In late February 2020, Graboyes was on leave in Milan, Italy, one of the first regions outside of China with recognized sustained community transmission of COVID-19. Because of her early experience with quarantine measures, she felt that everyone in the U.S. was “massively underestimating the threat and massively underestimating the impact it was going to have on all aspects of life.”
In an open letter to Le Duc and the UO community, she and two other UO professors in Italy at the time urged the university in March to shift to online classes ahead of diagnosed cases in the Eugene area.
Graboyes said she was met with resistance by university administration for starting a public conversation about the virus, and even now, she doesn’t think UO is considering all faculty input.
“Sometimes when we did give feedback on the university’s response — and I count myself in this category — we were criticized for it, and [they] said that we were not being team players and we should keep our criticisms to ourselves,” Graboyes said.
The trio wrote a general letter to the Oregon and Eugene communities on March 12 about how they should prepare for the virus, and Graboyes independently wrote a letter to UO leadership and SEIU union leadership addressing risks to employees working on campus.

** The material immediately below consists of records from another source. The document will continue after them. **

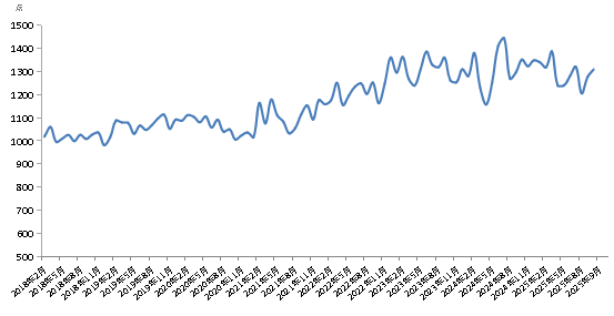 2025年10月份,新华·中盐食用盐(商超)价格指数报1310.10点,较上期(2025年9月)上涨32.34点,涨幅2.53%;较基期(2018年1月)上涨310.10点,涨幅31.01%;较周期内最高点1445.75点(2024年7月)下跌135.65点,跌幅9.38%;较周期内最低点981.91点(2018年12月)上涨328.19点,涨幅33.42%。
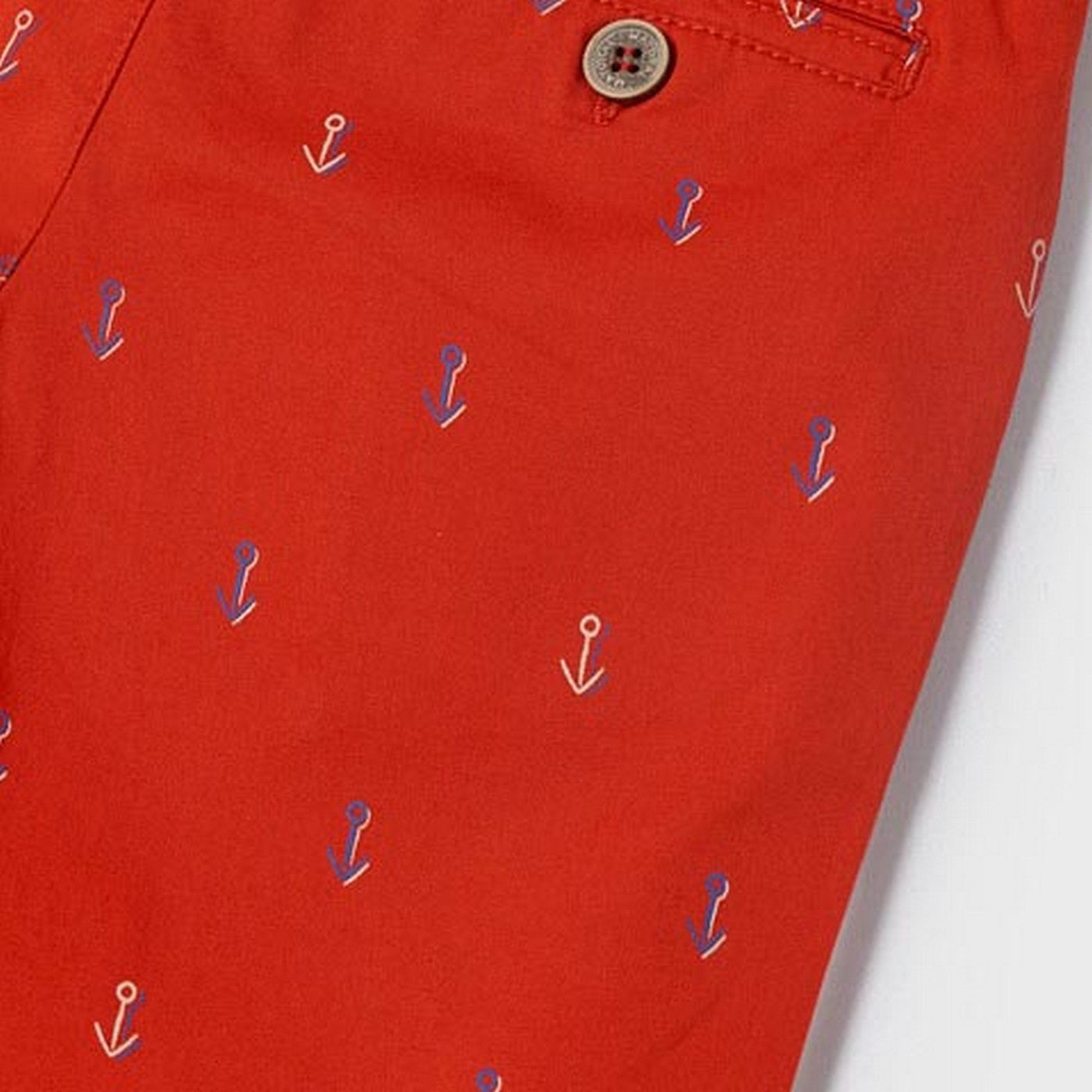 - Bermuda in einfarbigem Rot mit blauen und beigen Details. Seiten- und Fake-Taschen auf der Rückseite.
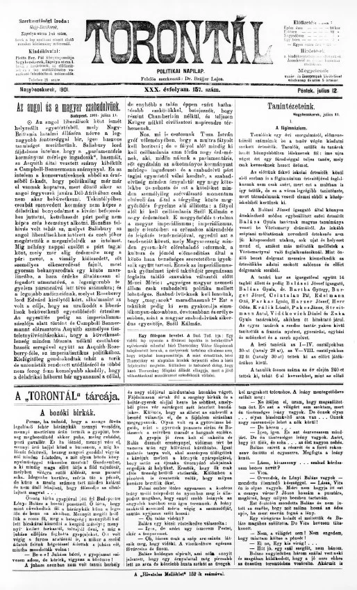Torontál, 30. évf. 1901. július 12. 157. sz.
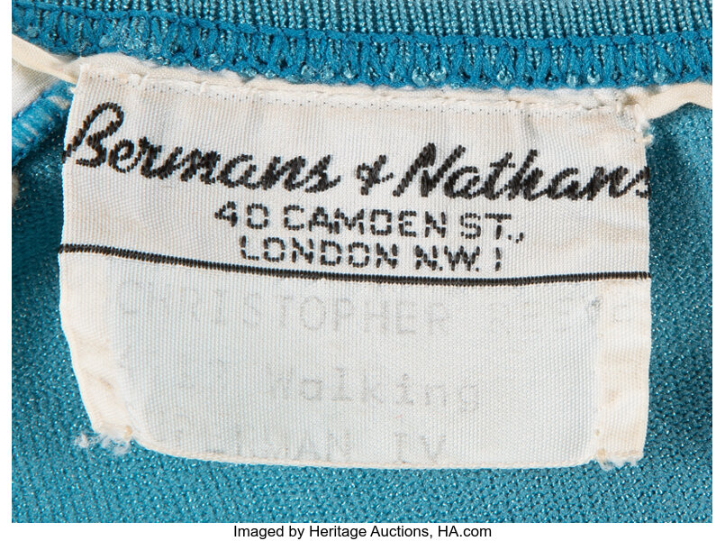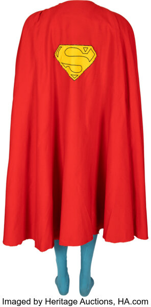 Christopher Reeve “Superman” Costume for Superman IV: The Quest for Peace (Warner Bros., 1987). Christopher Reeve is perhaps the generationally best-known actor associated with the role of Superman. Vintage original (4) piece superhero costume consisting of (1) a blue stretch-fabric body suit with “S” logo sewn and blocked inset panel at chest and integral red bikini briefs with belt loops and zipper back closure with internal “Berman & Nathan’s” bias label marked “Christopher Reeve / Walking / Superman IV,” (1) pair of matching blue leggings with internal “Berman & Nathan’s” bias label marked “Christopher Reeve / Walking / Superman IV,” (1) full-length red cape with yellow “S” logo applique patch on back, snaps at shoulders for affixing to costume, and internally marked “Christopher Reeve / Walking / Superman IV,” and (1) pair of red leather knee-boots with hidden zippers in back and with both marked internally, “C4”. Exhibiting minor age and production wear with right boot retaining gaffer’s tape marks and some piling and pulling to suit front. Overall in vintage Very Fine condition. Provenance: Profiles in History Auction 18, March 31, 2004, Lot 320. Comes with a COA from Heritage Auctions.
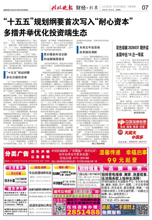 多措并举优化投资端生态   “十五五”规划纲要首次写入“耐心资本”,并在“增加城乡居民财产性收入”“提振消费”等章节部署了资本市场工作。与“十四五”规划侧重融资功能不同,“十五五”规划纲要提出“健全投资和融资相协调的资本市场功能”。

She also ran an anonymous survey of over 2,300 UO community members in June, finding mixed opinions and expectations for the fall 2020 term.
“I think that is a really alarming way for a university to be run in the midst of a really difficult time, where you want to be grounded in good, clear, transparent conversation and communication,” she said. “It feels very shortsighted to me.”
Graboyes sees other areas where the university can improve on its COVID-19 response, including expanding UO’s Monitoring and Assessment Program for testing, preparing for a vaccine initiative, working to communicate more effectively about the virus and having a more open conversation with the community.
Graboyes and Peters both want to see UO specifically target messages to people who are hesitant about getting the vaccine.
Peters said she wants to see UO set up a way for people to get vaccinated on campus if the vaccine supply gets large enough.
Addy Alfred, secretary of Student Health Advocacy for ASUO, said she also wants to see UO offer vaccinations to students. Alfred appreciates that UO offers testing for the community but would like to see them encourage students to get tested.
The university is working with Lane County to help plan mass vaccination sites, Le Duc said, which will include one site at the Lane County Fairgrounds, one at Lane Community College and one at Autzen Stadium. UO is also working to establish a “vaccine corps” of students to work at those sites.
Looking back, “hindsight is 2020,” Le Duc said. He wishes UO could have moved faster and pushed its community partners — including Lane County Public Health — to integrate sooner, but since the IMT activated in January, there wasn’t much room to go faster, he said.
Le Duc said the IMT is constantly looking to review what it did well and what it could improve. He’s especially proud of UO’s ability to move from just an idea to a fully operational testing laboratory — the MAP lab — in just six months. This type of facility could take up to two years normally, he said.
Le Duc also wants to improve peer-to-peer communication about the virus within the UO community. “An email, a message, an article isn’t enough,” he said. “We need actual engagement.”
Alfred said UO has kept students informed about COVID-19, especially early in the pandemic, but students often neglect to read emails and updates from the university. She’d like to see UO develop messages that students are more likely to read — even communication from professors would help, she said.
Alfred said she cut UO a lot of slack last spring in terms of moving slow or waiting to make decisions regarding remote learning. Peters agrees that there isn’t much anyone could do with such imperfect information.
“Have they always gone as fast as I wanted them to? No,” Peters said. “Do I see ways that they might have been able to go faster? I don’t know.”